▶ **Task to carry out**: Transcribe all of the data verbatim, please, and leave out its pictures.

▶ **Dataset excerpt**:
^^^^

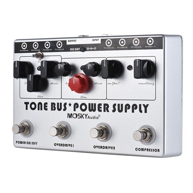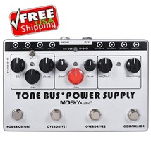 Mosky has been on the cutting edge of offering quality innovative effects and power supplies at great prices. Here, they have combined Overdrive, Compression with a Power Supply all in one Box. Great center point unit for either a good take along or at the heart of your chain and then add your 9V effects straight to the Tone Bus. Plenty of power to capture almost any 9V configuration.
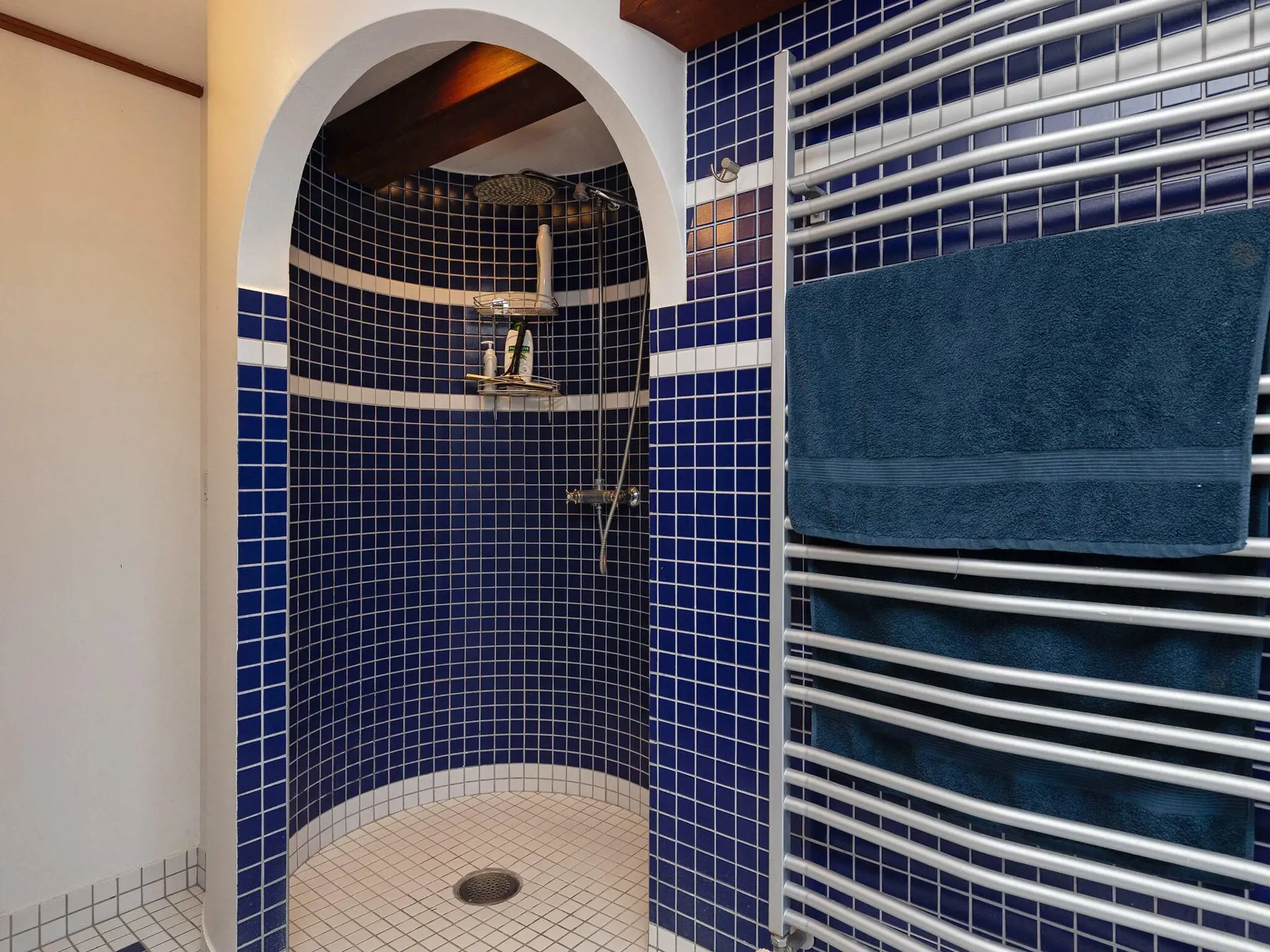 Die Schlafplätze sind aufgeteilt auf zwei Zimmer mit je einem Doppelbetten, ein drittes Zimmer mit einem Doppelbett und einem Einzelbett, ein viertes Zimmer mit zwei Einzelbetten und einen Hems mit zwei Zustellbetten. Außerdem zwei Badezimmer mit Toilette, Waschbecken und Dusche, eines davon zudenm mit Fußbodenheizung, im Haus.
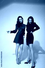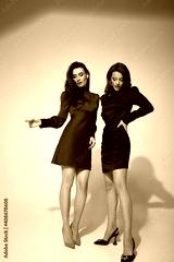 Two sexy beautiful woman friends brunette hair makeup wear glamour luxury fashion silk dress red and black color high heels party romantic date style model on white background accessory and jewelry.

^^^^

▶ **Result below**:
 Mosky has been on the cutting edge of offering quality innovative effects and power supplies at great prices. Here, they have combined Overdrive, Compression with a Power Supply all in one Box. Great center point unit for either a good take along or at the heart of your chain and then add your 9V effects straight to the Tone Bus. Plenty of power to capture almost any 9V configuration.
 Die Schlafplätze sind aufgeteilt auf zwei Zimmer mit je einem Doppelbetten, ein drittes Zimmer mit einem Doppelbett und einem Einzelbett, ein viertes Zimmer mit zwei Einzelbetten und einen Hems mit zwei Zustellbetten. Außerdem zwei Badezimmer mit Toilette, Waschbecken und Dusche, eines davon zudenm mit Fußbodenheizung, im Haus.
 Two sexy beautiful woman friends brunette hair makeup wear glamour luxury fashion silk dress red and black color high heels party romantic date style model on white background accessory and jewelry.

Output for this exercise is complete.